(Stored records)
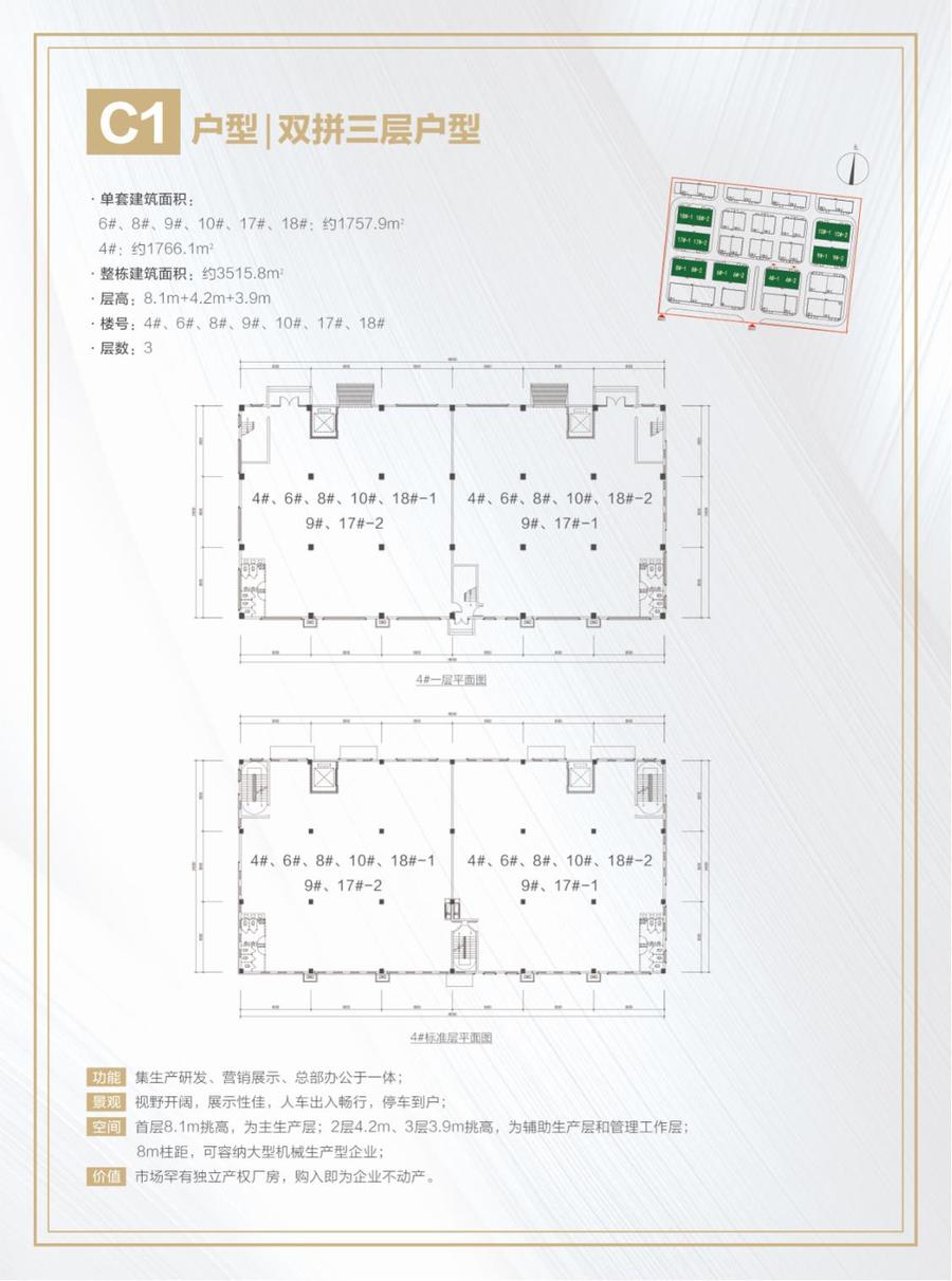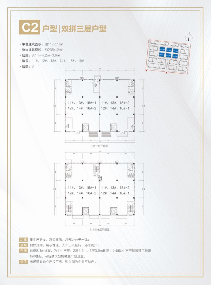 A.三層高標(biāo)準(zhǔn)廠房,面積1200㎡、1800㎡。
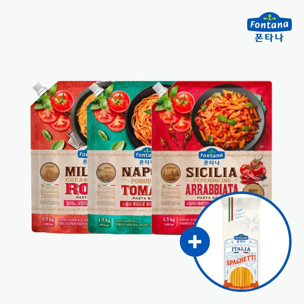 폰타나 파스타소스, 볼로네제, 430g, 2개 + 까르보나라, 430g, 1개 + 이탈리아 캄파니아 스파게티 500g,1개
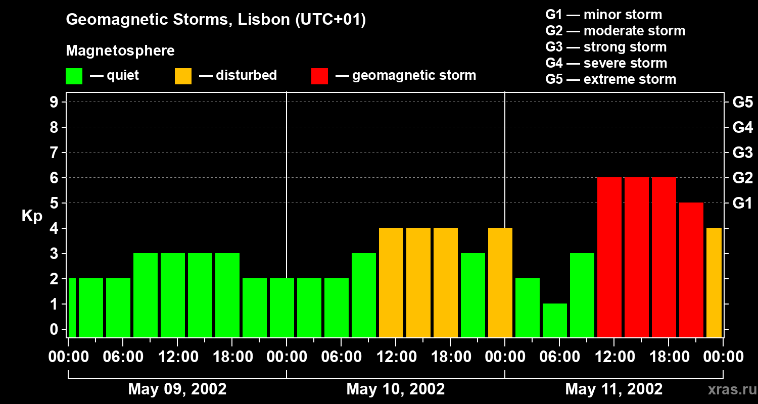 Changes in the geomagnetic index Kp from May 9 to 11, 2002 for mid latitudes
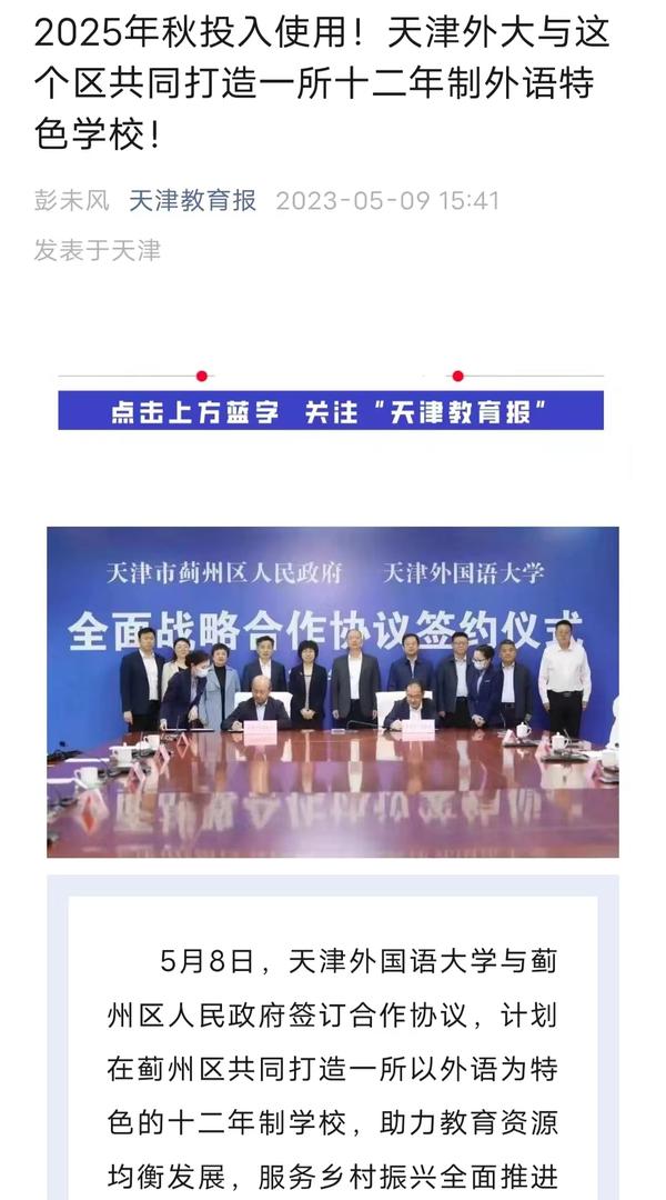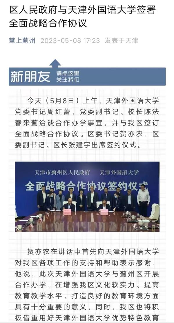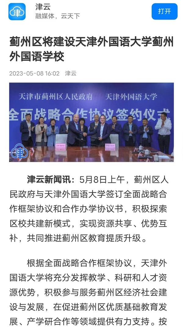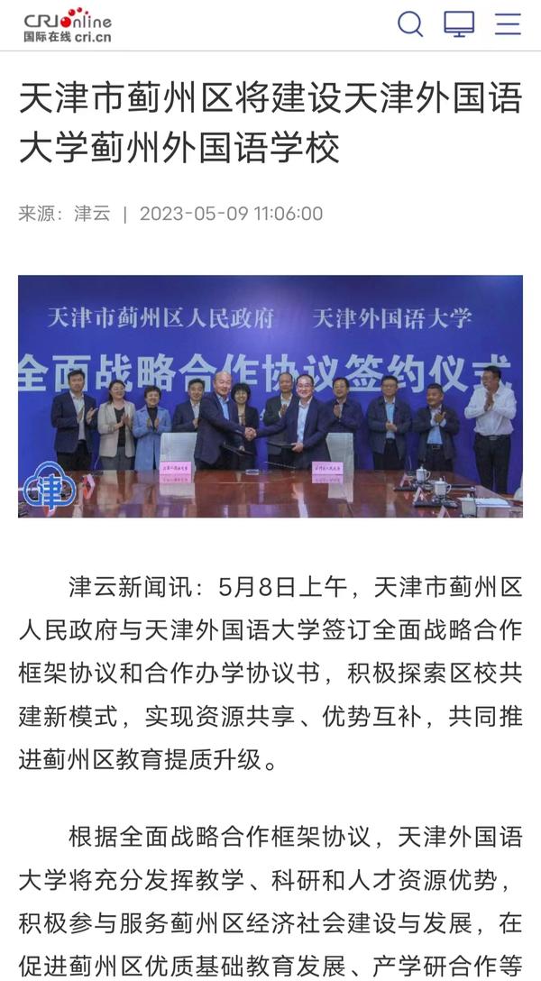 5月8日,蓟州区人民政府与乐鱼·体育签订全面战略合作框架协议和合作办学协议书,积极探索区校共建新模式,实现资源共享、优势互补,共同推进蓟州区教育提质升级。双方合作共建乐鱼·体育蓟州外国语学校,将进一步优化天津市蓟州区教育资源配置,提升教育质量和办学水平。中国新闻网、国际在线、天津日报、津云、天津教育报、掌上蓟州等多家媒体对此进行了报道。
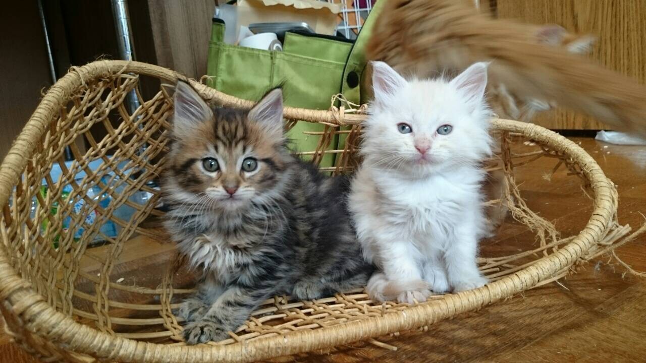 それで3枚目はブリーダーさんからのいただき画像でベルクさんと仲間(別腹)の生後30日過ぎた頃の画像です。離乳食はじめたころのこんなちっちゃなニャンが今や11kg? やはり腸活と筋トレ&ドライササミのおかげだったようです。
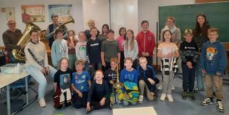 Am Montag, den 26.04.2024, fand an der Grundschule Brombachtal der jährliche Bläsernachmittag statt. Im Rahmen des Musikunterrichts in der dritten Klasse lernen die Schülerinnen und Schüler im Vorfeld die verschiedenen Blasinstrumente kennen. Am Bläsernachmittag durften sie diese Instrumente dann live erleben und sogar selbst ausprobieren. Hierfür kamen zwischen 14.00 und 15.30 Uhr sieben Musiker der Blaskapelle Langenbrombach an die Schule.

# ASSIGNED TASK
Skipping any pictures, copy the line that holds "5月8日,蓟州区人民政府与乐" and each line after it through the last line of the records, unchanged, and no other lines.

# SOLUTION TO THE EXERCISE
 5月8日,蓟州区人民政府与乐鱼·体育签订全面战略合作框架协议和合作办学协议书,积极探索区校共建新模式,实现资源共享、优势互补,共同推进蓟州区教育提质升级。双方合作共建乐鱼·体育蓟州外国语学校,将进一步优化天津市蓟州区教育资源配置,提升教育质量和办学水平。中国新闻网、国际在线、天津日报、津云、天津教育报、掌上蓟州等多家媒体对此进行了报道。
 それで3枚目はブリーダーさんからのいただき画像でベルクさんと仲間(別腹)の生後30日過ぎた頃の画像です。離乳食はじめたころのこんなちっちゃなニャンが今や11kg? やはり腸活と筋トレ&ドライササミのおかげだったようです。
 Am Montag, den 26.04.2024, fand an der Grundschule Brombachtal der jährliche Bläsernachmittag statt. Im Rahmen des Musikunterrichts in der dritten Klasse lernen die Schülerinnen und Schüler im Vorfeld die verschiedenen Blasinstrumente kennen. Am Bläsernachmittag durften sie diese Instrumente dann live erleben und sogar selbst ausprobieren. Hierfür kamen zwischen 14.00 und 15.30 Uhr sieben Musiker der Blaskapelle Langenbrombach an die Schule.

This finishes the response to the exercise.